Antihormonal Medications:  Tamoxifen or Raloxifene, Aromatase Inhibitors
These estrogen blocking drugs have been shown to significantly decrease the risk of developing breast cancer in high risk women. Each medication is a pill taken daily for five years and they essentially make the breast uninviting to a developing cancer by blocking one of the cancer’s primary growth factors. They can reduce the chance of getting breast cancer by up to 50%.  Side effects that may be experienced include hot flashes and night sweats. Tamoxifen can be used in both premenopausal as well as postmenopausal women, but roloxifene is only appropriate in post-menopausal women. Many women have taken raloxifene (Evista) for its known bone building effects and it seems to be particularly well tolerated. A different class of estrogen modulating drugs, the aromatase inhibitors, (Femara, Arimidex, Aromasin) show great promise as a preventative agent in postmenopausal women as well.

Prophylactic Mastectomy
This option is appropriate only after careful consideration of its attendant risks, both physical and emotional, along with a realistic discussion of its degree of benefit in reducing a woman’s chance of developing breast cancer. Clearly, women at highest risk are those who stand the most to gain from this preventative measure.
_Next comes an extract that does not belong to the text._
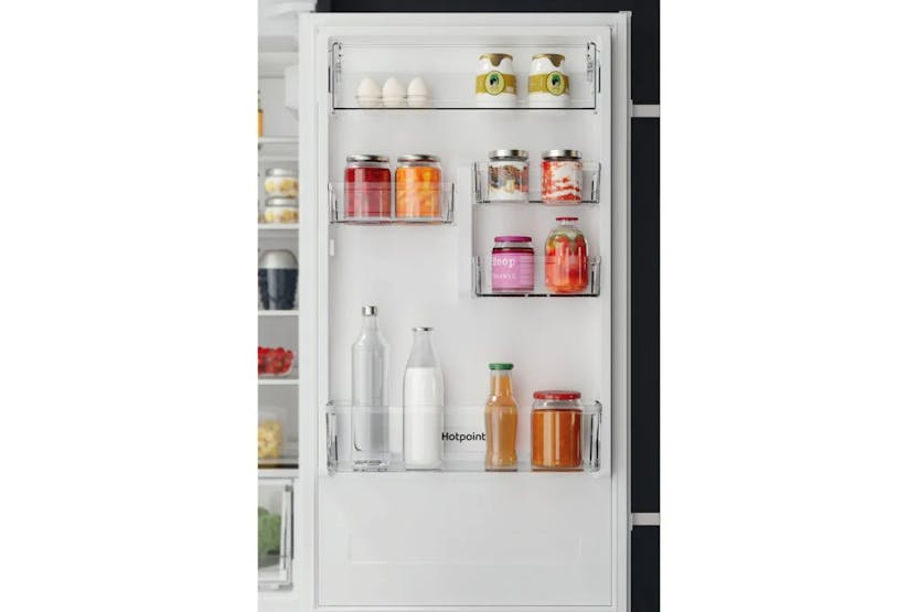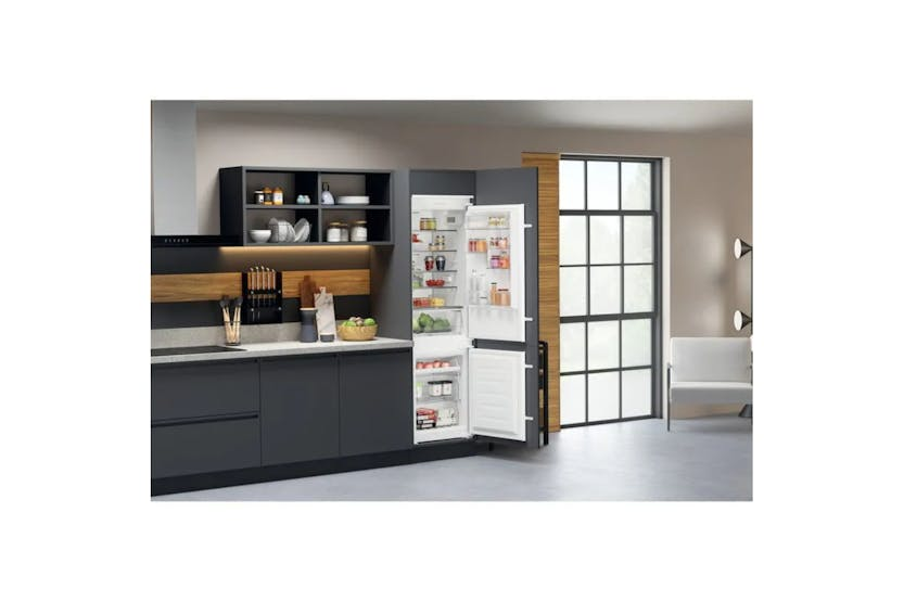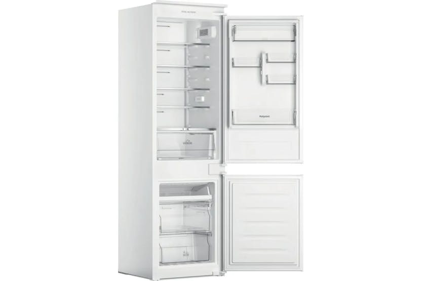 The Hotpoint Integrated Fridge Freezer HTC18T112UK offers Total No Frost technology to prevent moisture and ice build-up, ensuring your food stays fresh longer and eliminating the need for defrosting. With Active Fresh technology, the fridge maintains a precise temperature and quickly recovers after the door has been left open. The Fresh Zone+ drawer keeps fruit and vegetables fresh for up to 2 weeks, while the Temperature Alarm alerts you to any unexpected temperature changes. This energy-efficient fridge freezer also features glass shelves, a convenient bottle balcony, and a sleek white design, making it a practical and stylish addition to any kitchen.

Carriers of the BRCA-1 or 2 gene mutations have an up to 85% lifetime risk of developing breast cancer. Prophylactic mastectomy reduces this risk by about 90%. Prophylactic oophorectomy further reduces their risk as detailed below.

Women who have lesser risk factors, such as a strong family history of breast cancer but without a genetic mutation, may also benefit from prophylactic mastectomy, but the absolute degree of the benefit is less. These women should be carefully counseled regarding non-surgical options for risk management. But, if the anxiety produced by managing her risk outweighs the benefit of preserving her breasts, prophylactic mastectomy is a reasonable way to provide her with the assurance she needs to get on with her life.
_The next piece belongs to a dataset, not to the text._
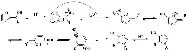 It was proposed by Piancatelli that the reaction is a thermal electrocyclic reaction of a conrotatory 4π electron system while studying specifics of the mechanism conditions when synthesizing the 4-hydroxycyclopentenone derivatives. This mechanism was suggested when studying 1H NMR spectra as it became apparent that the final products exclusively delivered the trans isomer.[2]
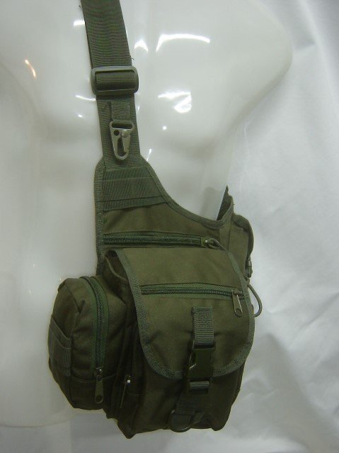 ミリタリーテーストなワンショルダーバック。サイズはメインがD7×H19×W16センチ程度です。 右側のサイドポケット大がD5×H15×W7センチ程度、 フロントポケットがD3.5×H16×W13センチ程度です。反対サイドには携帯サイズのミニポケットが上部に、下にはマグライト(単三サイズ)サイズです。ジッパーはフラップの根元とフラップに2個。K/Hリングも装備。 メインにはメッシュポケット2個、物が落っこちないようにドローストリング付き。人気のレッグポーチよりも微妙に大きなサイズで便利です。 沖縄離島をのぞく全国500円にて元払いいたします、落札価格にプラスでお願いいたします。

You may have heard the term nipple-sparing mastectomy, which is a form of prophylactic mastecotmy.

Prophylactic Oophorectomy
In women carrying the BRCA 1 or 2 gene mutation, surgical removal of the ovaries reduces the incidence of breast cancer by at least 50%. This procedure in combination with a close breast cancer surveillance program for early detection gives these high-risk women a realistic option for managing their risk without resorting to mastectomy. High risk women who don’t have a genetic mutation do not enjoy the same breast cancer protection from this procedure, so they are not usually offered it.